Posted: Friday, June 27, 2003
ARLINGTON, VA – The Columbia Accident Investigation Board today issued its third preliminary recommendation to the National Aeronautics and Space Administration, in advance of its appearance in the final report.
An inspection of the TPS, accomplished as soon as possible after achieving orbit/rendezvous, coupled with repair capability, would result in improved safety.
The Board is convinced of the necessity of taking all practicable steps to “de-couple” foam insulation shedding from loss of crew and vehicle, including: 1) design improvements to prevent foam shedding; 2) toughening the TPS; 3) improved TPS inspection and repair capability.
An inspection and repair capability is fundamental to improving the ability of the orbiter to experience TPS damage without catastrophic consequences.
This effort does not reduce the urgency or importance of aggressively reducing all sources of potential damage to the orbiter.
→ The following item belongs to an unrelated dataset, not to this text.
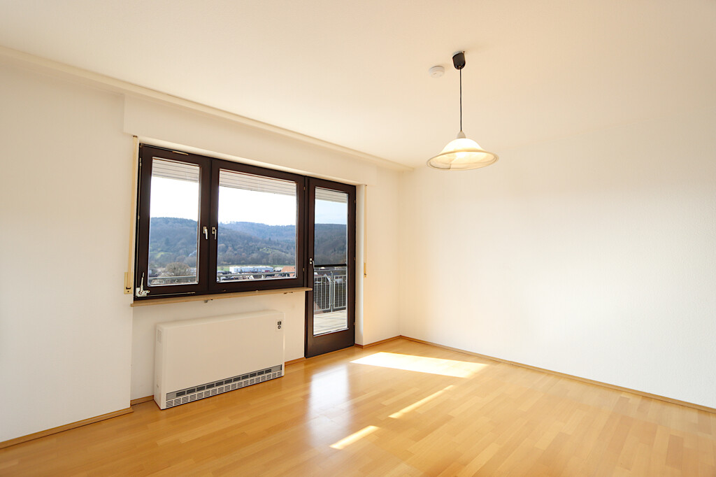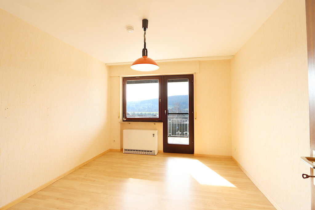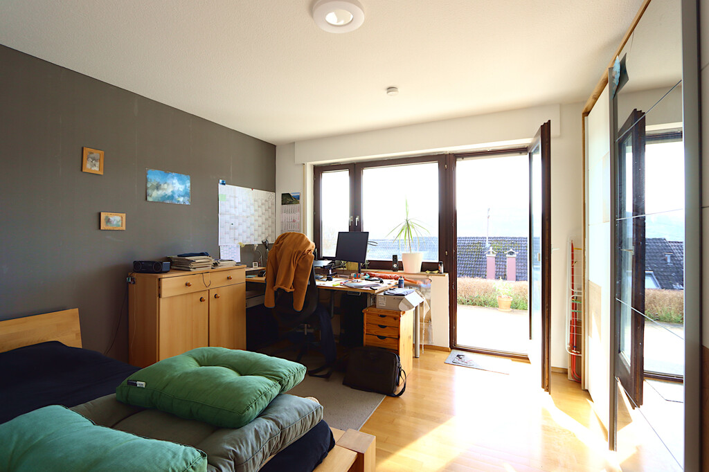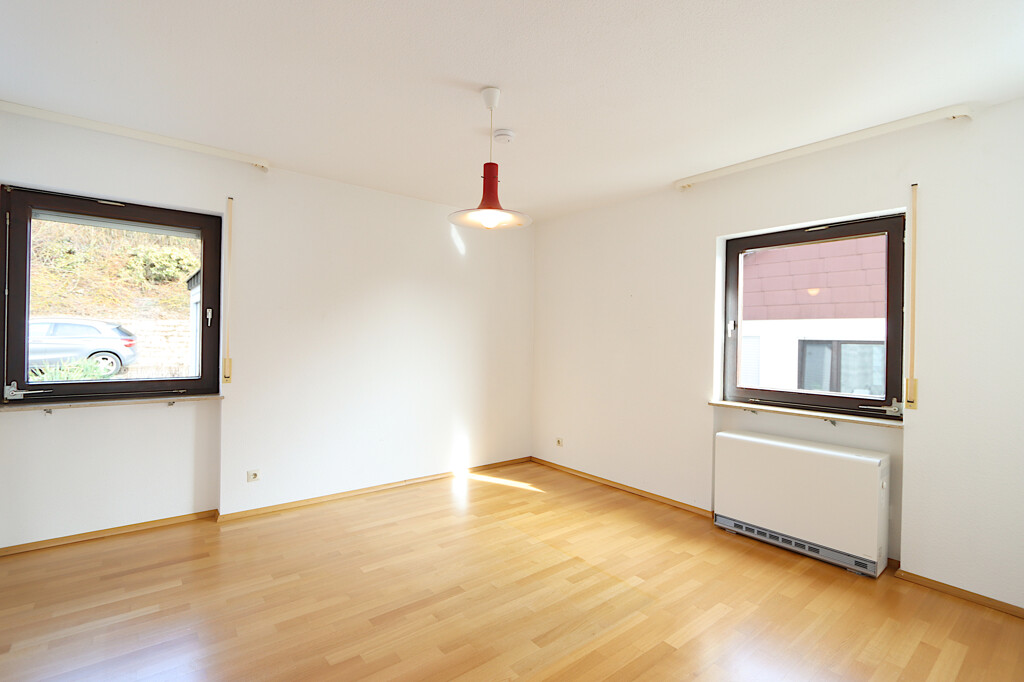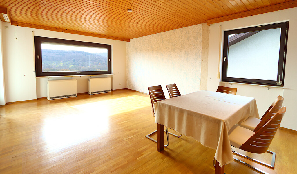 Die Hauptwohnung erstreckt sich über das Erdgeschoss und bietet mit insgesamt vier Zimmern viel Platz für Familien. Mittelpunkt der Wohnung ist der großzügige Wohn- und Essbereich, der durch große Fensterflächen viel Tageslicht erhält und eine freundliche Wohnatmosphäre schafft. Von hier aus gelangen Sie direkt auf einen der beiden Balkone, von dem aus sich ein schöner Ausblick über die Umgebung bietet.

Only by reducing the likelihood of damage to the orbiter, as well as developing the ability to detect and repair damage, can the maximum safety improvement be realized.
During the STS-107 flight and investigation, the lack of repair capability was cited repeatedly, and may have been a factor in decisions made during the STS-107 mission, including the decision not to seek images which might have assisted in the assessment of damage resulting from the foam strike on ascent.